Is Rachel’s tale semi-autobiographical?
Rachel’s a reflection of me, but I don’t want it to be like, “Oh, it’s an autobiography.” I’m actually a fan of YA novels. I want to speak to younger audiences, because these days a lot of people want to be K-pop stars, or pop stars, or YouTubers. Rachel and I are very similar, but I did fictionalize everything. But I hope it will be an Easter egg hunt for people. I want them to find clues along the way, figure out who’s who, what’s what, have fun with it and enjoy it.
How did you writing a book compare with other aspects of your diverse career?
The entertainment industry is very quick, but the book world seemed very relaxed. They plan way ahead of time. One thing I learned was that it’s really hard to let go of the copy. The revising and proofreading process… It was fun, but I didn’t want to let go.
You’re the first K-pop star, to my knowledge, that has written a novel based on your life and career. How does that feel?
As an American, I was raised to be independent, take action, have a voice, be responsible, not to be afraid to speak up for myself. It’s funny but I do things before others do it. I think it’s part of my personality as well.

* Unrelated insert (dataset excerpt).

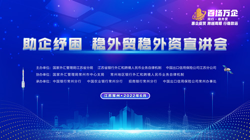 為貫徹全國穩(wěn)住經(jīng)濟大盤電視電話會議精神,落實《國務院辦公廳關于推動外貿保穩(wěn)提質的意見》的政策部署,由國家外匯管理局江蘇省分局(以下簡稱“江蘇省外匯局”)、江蘇省銀行外匯和跨境人民幣業(yè)務自律機制(以下簡稱“江蘇自律機制”)、中國出口信用保險公司江蘇分公司主辦的“助企紓困,穩(wěn)外貿穩(wěn)外資”宣講活動于6月23日在常州舉辦,該場宣講活動由國家外匯管理局常州市中心支局協(xié)辦、中國銀行江蘇省分行(以下簡稱“江蘇中行”)承辦,近百名客戶現(xiàn)場參會。

What made you decide to keep some of the Korean untranslated, featuring it either romanized or in Hangul?
That was the unique part of my book. I thought, now that the world is embracing not only K-pop but K-beauty, K-dramas etc., people might want to learn Korean. So if I pop some words here or there, people might look it up or take interest in it.
Like you, Rachel’s family moves to Seoul so she can pursue her dream, resulting in complex interfamilial dynamics. Was this true to life?
My mom was always very supportive, but on the outside very strict. In the trainee years, I could only go during the weekends. I had to study during the week. It was hard for me to focus on being a trainee like the rest. And my relationship with my sister [actor-singer Krystal Jung], I really wanted it to be exactly how we are. She picked the name for her [corresponding character in the novel]. It was something else and she was like, “I want to be ‘Leah.’”
The book explores the disparity and bullying between and among trainees, and mistreatment of female stars versus male ones. Do these represent your experiences?
Definitely. And it still goes on. I think it’s only natural. It’s a very competitive world out there. It’s something that people don’t really like to talk about, but I thought bringing it up in fiction would be a great way to let people know it all exists in this world. Koreans in general, they’re very conservative in every way, so it’s not easy to really speak up. It can be very sensitive. But I think I was brave enough to do that.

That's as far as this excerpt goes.